Hampton was a decent sort but inclined to be pedantic. He lectured his fellow professors as if they were his students; the joke in the department was that there were two ways to teach and interpret U.S. history, the accepted way and the Hampton way. In Lawrence's stuffy office—he considered air-conditioning to be unhealthy—Dix endured an hour-long discourse on Jacksonian democracy and economic sectionalism. Complete with graphs and charts and pages of detailed notes to support the not very original Hampton theories.
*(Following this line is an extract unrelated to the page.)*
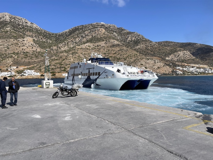 The ferry that we took to the island of Sifnos was a high speed ferry. We didn’t think it would be a rough ride but is was certainly rougher than expected. It was a three hour ride with one stop. The seats were 14 across and it was almost full. We were supposed to stay seated. They were passing out seasick bags but luckily both of us survived. It was not a fun ride.

On the way out of the building he passed Elliot Messner's office. Elliot wasn't there, which was a relief; he might have wanted to talk, ask if there had been any more phone calls. Dix wasn't up to that. He still regretted opening up to Elliot on Saturday. And after what he'd learned today, the suspicions that were building in him, the only person he could or would confide in now was Cecca—and her only up to a point because he didn't want to panic her. Until he had a better idea of what had happened on the night of August 6, and why, there was not even much point in relaying his suspicions to Lieutenant St. John. Or the highway patrol, or the county sheriffs department. Without some kind of evidence, he had no leverage to convince any of them to reopen an investigation into Katy's death.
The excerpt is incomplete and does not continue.